Jammu and Kashmir Legislature
- Long title An Act to provide for vesting of ownership rights to occupants of State Land for purposes of generating funds to finance Power Projects in the State. ;
- Citation: Act No. XII of 2001 ; Governor Act No. XXXII of 2018;
- Territorial extent: Jammu and Kashmir
- Assented to: 9 November 2001
- Commenced: 13 November 2001

Amended by
- Jammu and Kashmir State Lands (Vesting of Ownership to the Occupants) (Amendment) Act, 2004; Jammu and Kashmir State Lands (Vesting of Ownership to the Occupants) (Repeal and Savings) Act, 2018;

Summary
- in 2005

= Roshni Act =

Jammu and Kashmir State Land (Vesting of Ownership to Occupants) Act, 2001 commonly known as Roshni Act was promulgated during chief ministership of Farooq Abdullah in 2001. The law granted ownership of Jammu and Kashmir state lands to unauthorised occupants of those lands with the aim of raising money for power projects upon payment of a sum to be determined by the government of Jammu and Kashmir. The cut-off year was set as 1990 by the government of Farooq Abdullah, which was extended to 2004 and again to 2007 by the PDP-Congress led government. The act got the unofficial name of "Roshni Act" from the Jammu and Kashmir government's said plan of using the funds raised from this to fund power projects in the state.

==Report of irregularities and repeal of the act==

In 2014 Comptroller and Auditor General (CAG) had raised issues of irregularities and, in 2015, the State Vigilance Organisation had charged over 20 government officials with misuse of the act; no one was prosecuted.

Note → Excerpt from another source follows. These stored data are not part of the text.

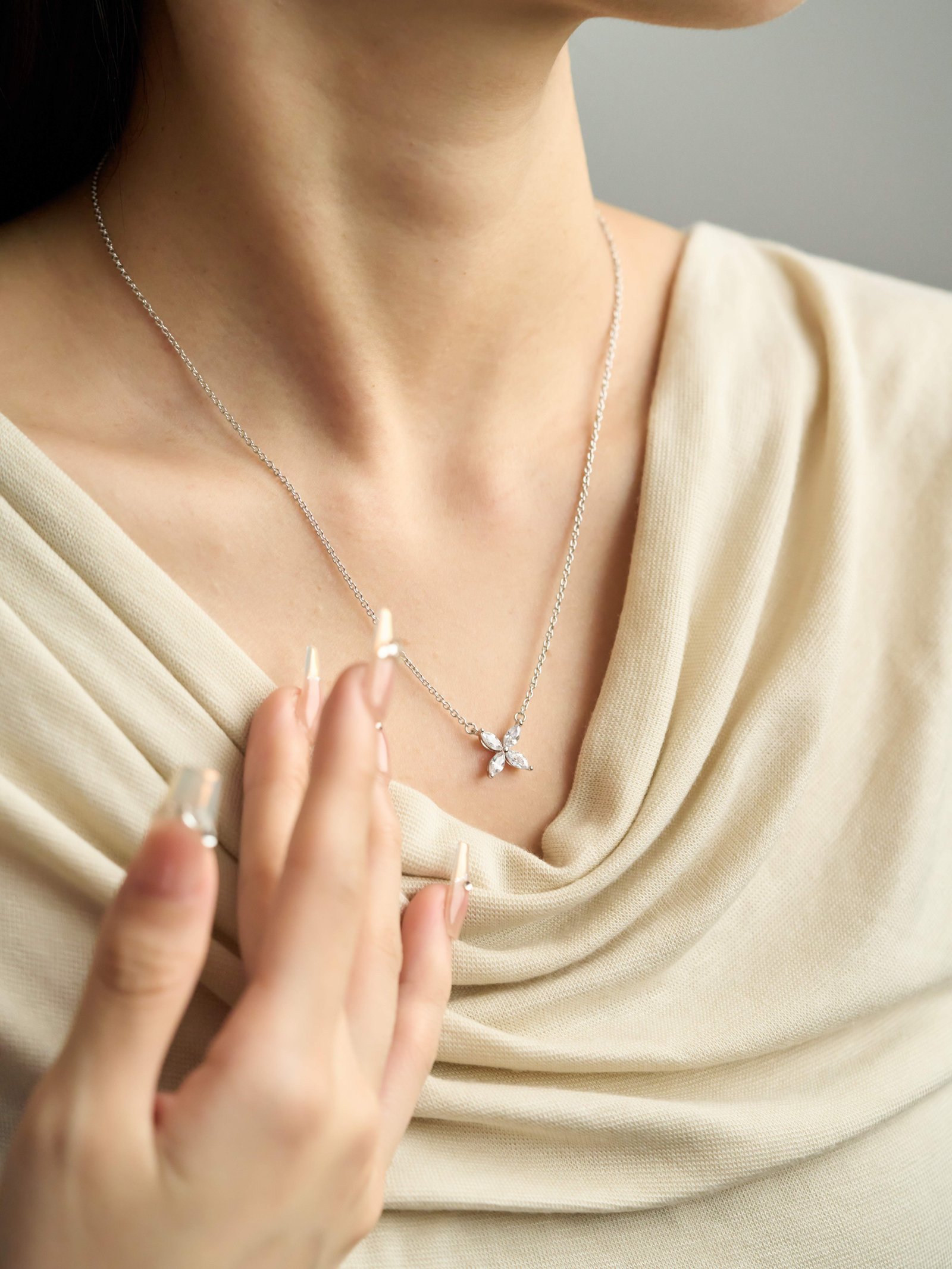 Four flower horse eye diamond necklace (colored white)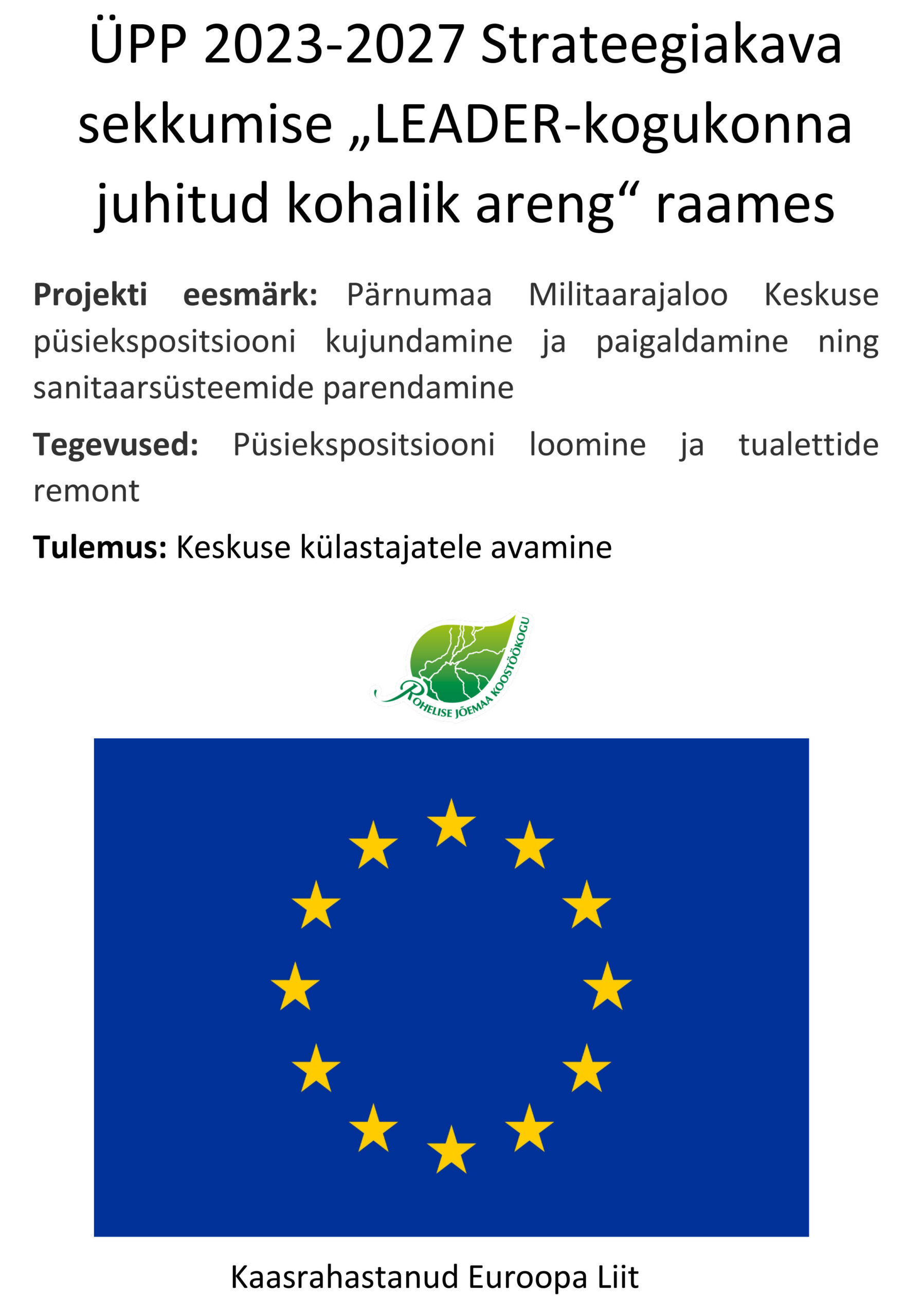 Meil on hea meel märkida ja tulebki märkida, et LEADER programm toetab ning püsiekspositsioon valmib. Visuaalne pool täieneb ja eesmärk on varsti käegakatsutav ning silmaga nähtav. Aitäh, Rohelise Jõemaa Koostöökogu ja teostaja Seri Disain OÜ.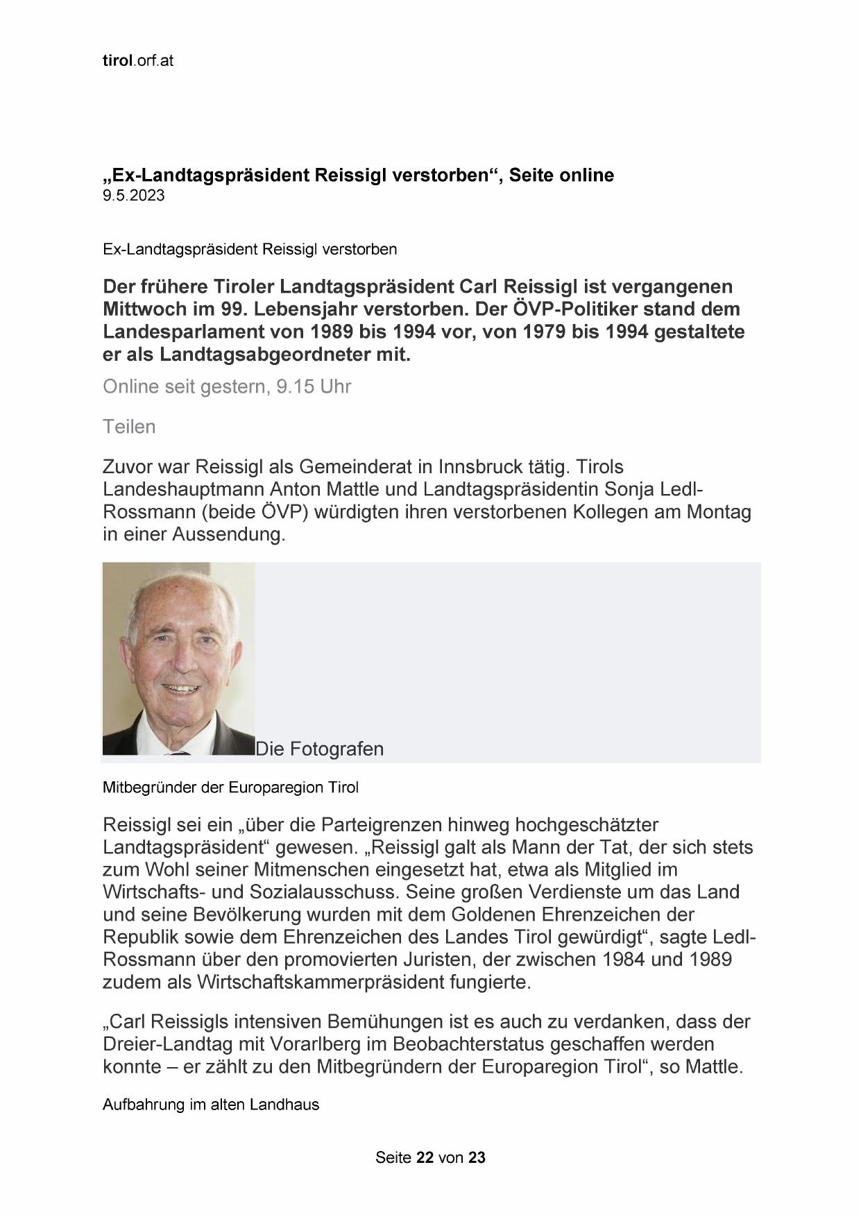 „Ex-Landtagspräsident Reissigl verstorben“, Seite online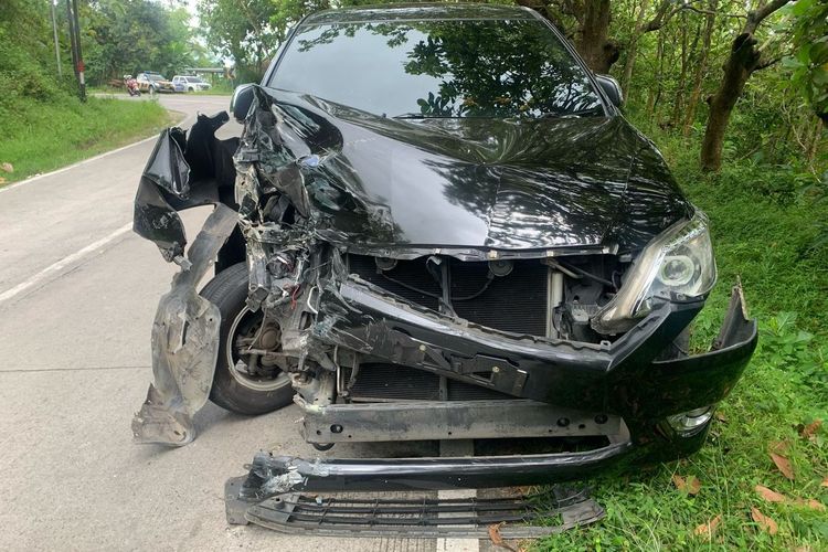 Toyota Kijang Innova hancur parah setelah terlibat kecelakaan dengan Suzuki Carry di Wonoharjo, Nguntoronadi, Wonogiri sebabkan tiga orang luka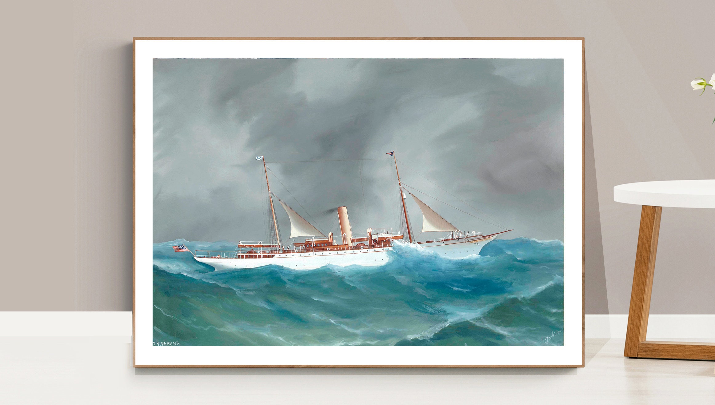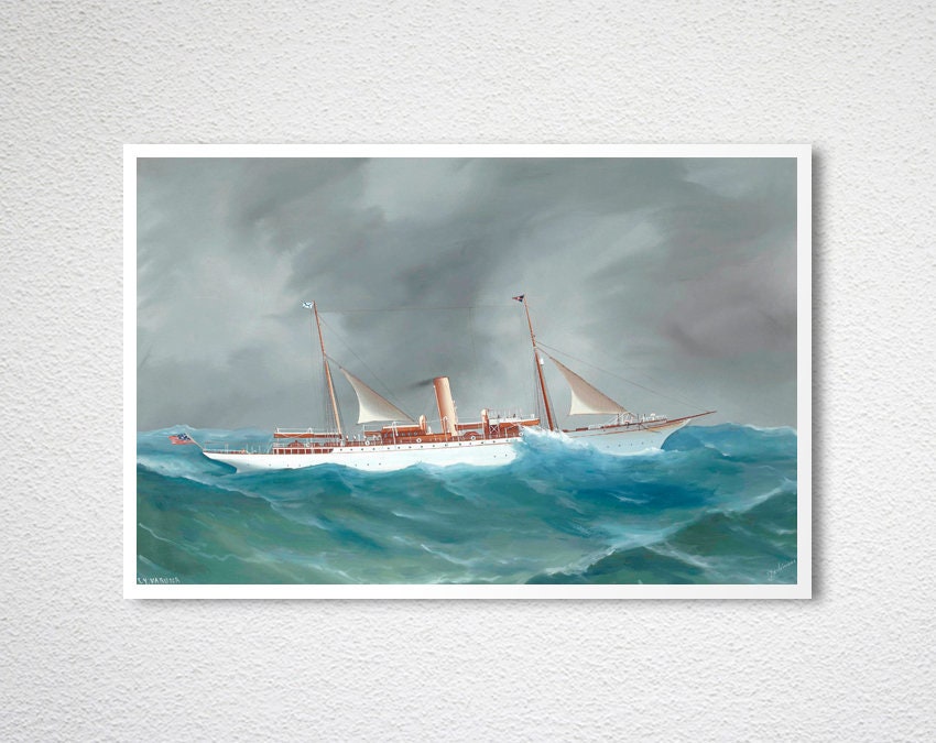 The New York Yacht Club's Steam Yacht Varuna in an Offshore Swell by Antonio de Simone - Poster Paper or Canvas Print / Gift Idea

From 2015 onwards, efforts were made to get back some of the illegally acquired land.

In 2018 the act was repealed during the tenure of the Governor of Jammu and Kashmir Satya Pal Malik who ordered the investigation to be taken over by the Central Bureau of Investigation (CBI).

On 9 October 2020, following demands from IkkJutt Jammu, the Jammu and Kashmir High Court deemed the law and all allotments made since the beginning as "null and void" and "unconstitutional". The court also said that the rules framed in 2007 by the Government of Ghulam Nabi Azad did not appear to have any legislative sanction. The state government has said that it will recover land distributed under the scheme in six months. All the identities of those who took advantage of the scheme were to be made public.

On 22 October 2020, the administration of Jammu and Kashmir Union Territory ordered the submission of comprehensive details of ministers, legislators, bureaucrats, police officers, government employees, businessmen, other influential persons and their relatives who have benefitted from the Act.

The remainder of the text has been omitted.